• **The task**
Print out each entry without alteration, and keep the pictures out.

*-*-*

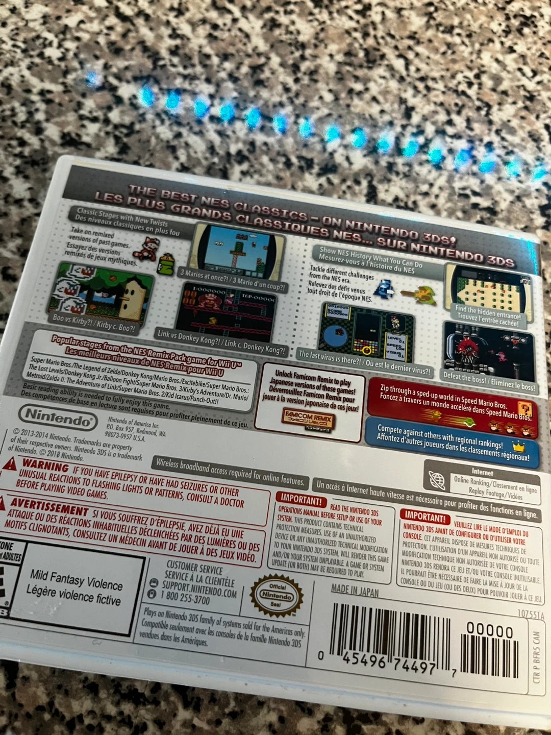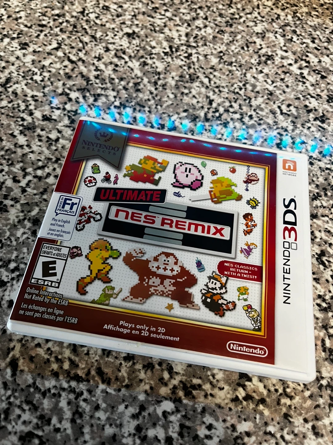 This is the Ultimate NES Remix game for Nintendo 3DS. It's part of the Nintendo Selects line. This game features classic NES challenges with a remix twist!
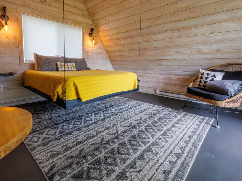 Our 10 custom-designed A-Frame cabins each offer approximately 250 sq ft of private sleeping space for 2 guests in a truly unique “farmhouse meets boho” style. Each cabin features a hanging queen bed, 2 comfy chairs, a table, AC/Heat, and all linens provided. A covered exterior patio (~80 sq ft) with chairs and a table extends your living space outdoors.
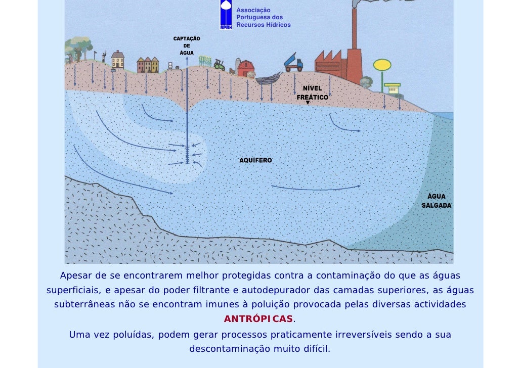 9. 9. Associação Portuguesa dos Recursos Hídricos Apesar de se encontrarem melhor protegidas contra a contaminação do que as águas superficiais, e apesar do poder filtrante e autodepurador das camadas superiores, as águas subterrâneas não se encontram imunes à poluição provocada pelas diversas actividades ANTRÓPICAS. Uma vez poluídas, podem gerar processos praticamente irreversíveis sendo a sua descontaminação muito difícil.
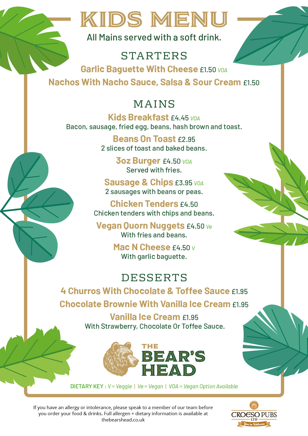 Behind the bar, you’ll find a great range of draught beers, local ales (including our exclusive Bear’s Head Ale), wines, spirits and soft drinks – all at wallet-friendly prices.
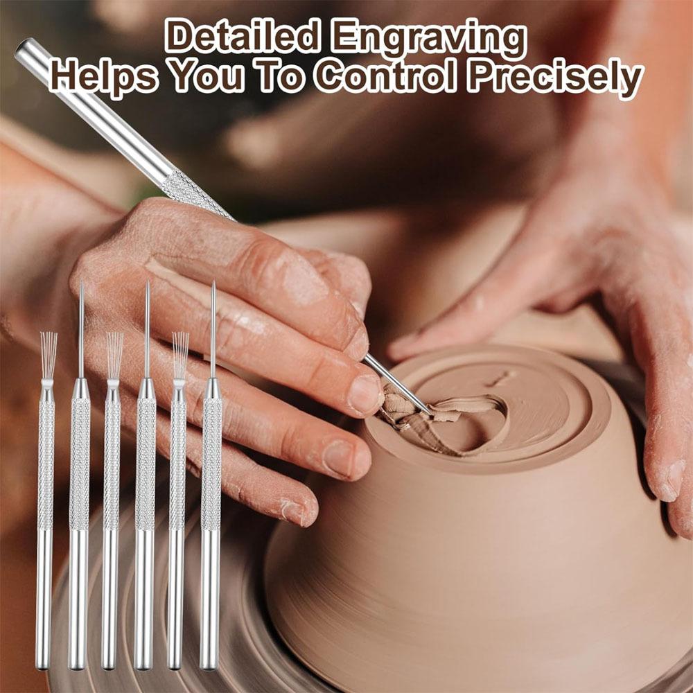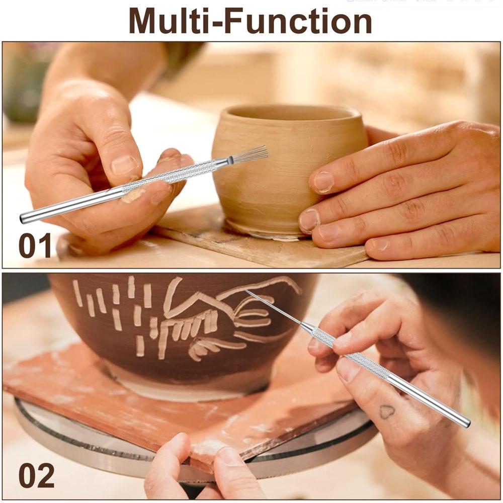 Herramienta de arcilla de cepillo de aluminio de 2 piezas con detalle de siete agujas, herramienta de arcilla, arcilla blanda, herramienta auxiliar de modelado, herramienta de escultura
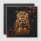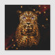 Eclipse Majesty, showcase a leopard with glowing golden fur and distinctive spots, set against a dark background. The leopard's eyes are illuminated in bright purple, creating a striking and mystical effect. The dark surroundings are accented by scattered, warm lights, giving the scene a dramatic almost otherworldly atmosphere.
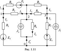 Для электрической цепи (рисунок 1.1) по заданным значениям сопротивлений и ЭДС определить эквивалентное сопротивление цепи относительно зажимов источника питания, распределение токов по ветвям и падения напряжений во всех ветвях цепи.
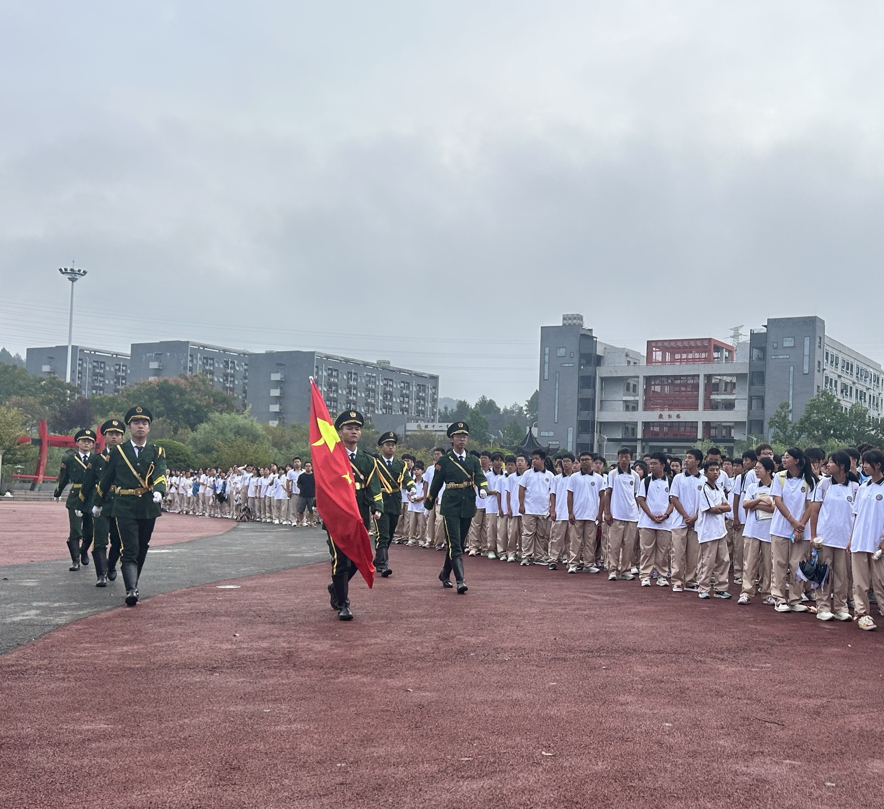2025年9月15日早上7:30我校如期举行了本学期第3周的升旗仪式。本次升旗仪式的主题为:牢记使命、勿忘国耻。
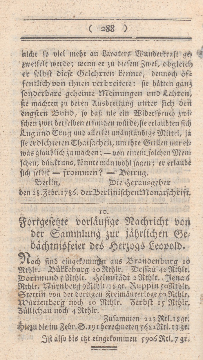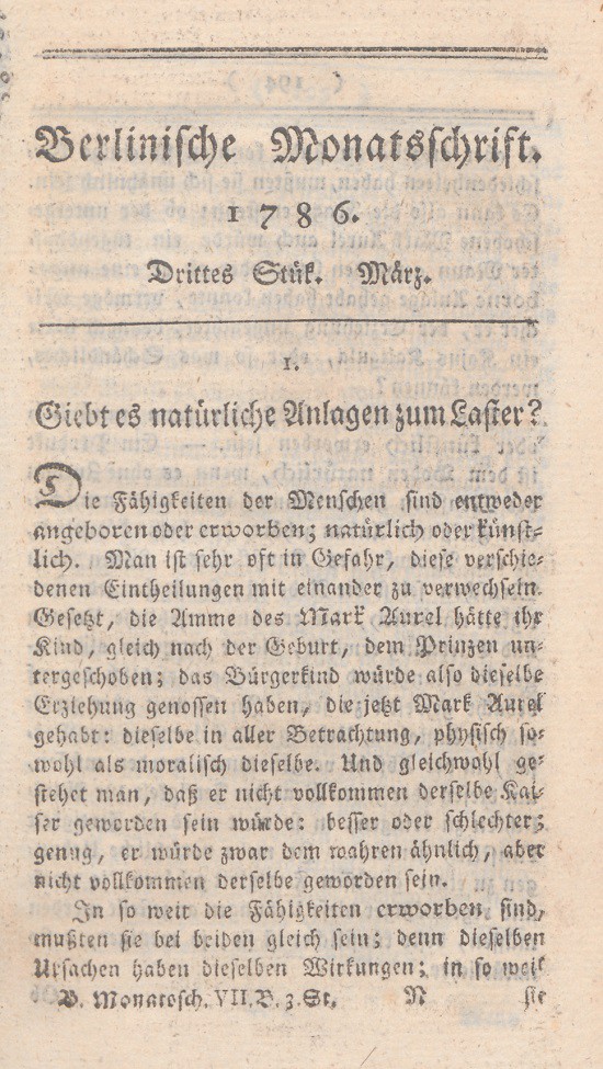 Berlin, den 28. Februar 1786. Die Herausgeber der Berlinischen Monatsschrift
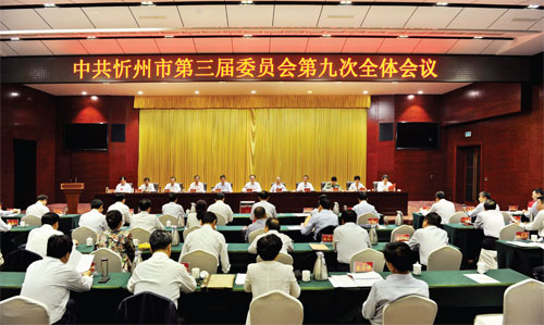 本報(bào)訊(記者 任逢春)9月19日下午,在莊嚴(yán)的國歌聲中,中國共產(chǎn)黨忻州市第三屆委員會(huì)第九次全體會(huì)議在忻州召開,討論表決中國共產(chǎn)黨忻州市第四次代表大會(huì)有關(guān)事項(xiàng)。市委書記李俊明主持會(huì)議并作重要講話。市委副書記、市長鄭連生,市委副書記張曉峰,市委常委、紀(jì)委書記王珍,市委常委、政法委書記武德,市委常委、忻州軍分區(qū)政委阮全進(jìn),市委常委梁潔,市委常委、宣傳部長陳義青,市委常委、組織部長王建廷,市委常委、五臺(tái)山風(fēng)景名勝區(qū)管委會(huì)主任范波濤,市委常委、常務(wù)副市長趙志堅(jiān)在主席臺(tái)就座。市委委員32人、候補(bǔ)市委委員1人出席會(huì)議。

*-*-*

• **Response to this exercise**
 This is the Ultimate NES Remix game for Nintendo 3DS. It's part of the Nintendo Selects line. This game features classic NES challenges with a remix twist!
 Our 10 custom-designed A-Frame cabins each offer approximately 250 sq ft of private sleeping space for 2 guests in a truly unique “farmhouse meets boho” style. Each cabin features a hanging queen bed, 2 comfy chairs, a table, AC/Heat, and all linens provided. A covered exterior patio (~80 sq ft) with chairs and a table extends your living space outdoors.
 9. 9. Associação Portuguesa dos Recursos Hídricos Apesar de se encontrarem melhor protegidas contra a contaminação do que as águas superficiais, e apesar do poder filtrante e autodepurador das camadas superiores, as águas subterrâneas não se encontram imunes à poluição provocada pelas diversas actividades ANTRÓPICAS. Uma vez poluídas, podem gerar processos praticamente irreversíveis sendo a sua descontaminação muito difícil.
 Behind the bar, you’ll find a great range of draught beers, local ales (including our exclusive Bear’s Head Ale), wines, spirits and soft drinks – all at wallet-friendly prices.
 Herramienta de arcilla de cepillo de aluminio de 2 piezas con detalle de siete agujas, herramienta de arcilla, arcilla blanda, herramienta auxiliar de modelado, herramienta de escultura
 Eclipse Majesty, showcase a leopard with glowing golden fur and distinctive spots, set against a dark background. The leopard's eyes are illuminated in bright purple, creating a striking and mystical effect. The dark surroundings are accented by scattered, warm lights, giving the scene a dramatic almost otherworldly atmosphere.
 Для электрической цепи (рисунок 1.1) по заданным значениям сопротивлений и ЭДС определить эквивалентное сопротивление цепи относительно зажимов источника питания, распределение токов по ветвям и падения напряжений во всех ветвях цепи.
2025年9月15日早上7:30我校如期举行了本学期第3周的升旗仪式。本次升旗仪式的主题为:牢记使命、勿忘国耻。
 Berlin, den 28. Februar 1786. Die Herausgeber der Berlinischen Monatsschrift
 本報(bào)訊(記者 任逢春)9月19日下午,在莊嚴(yán)的國歌聲中,中國共產(chǎn)黨忻州市第三屆委員會(huì)第九次全體會(huì)議在忻州召開,討論表決中國共產(chǎn)黨忻州市第四次代表大會(huì)有關(guān)事項(xiàng)。市委書記李俊明主持會(huì)議并作重要講話。市委副書記、市長鄭連生,市委副書記張曉峰,市委常委、紀(jì)委書記王珍,市委常委、政法委書記武德,市委常委、忻州軍分區(qū)政委阮全進(jìn),市委常委梁潔,市委常委、宣傳部長陳義青,市委常委、組織部長王建廷,市委常委、五臺(tái)山風(fēng)景名勝區(qū)管委會(huì)主任范波濤,市委常委、常務(wù)副市長趙志堅(jiān)在主席臺(tái)就座。市委委員32人、候補(bǔ)市委委員1人出席會(huì)議。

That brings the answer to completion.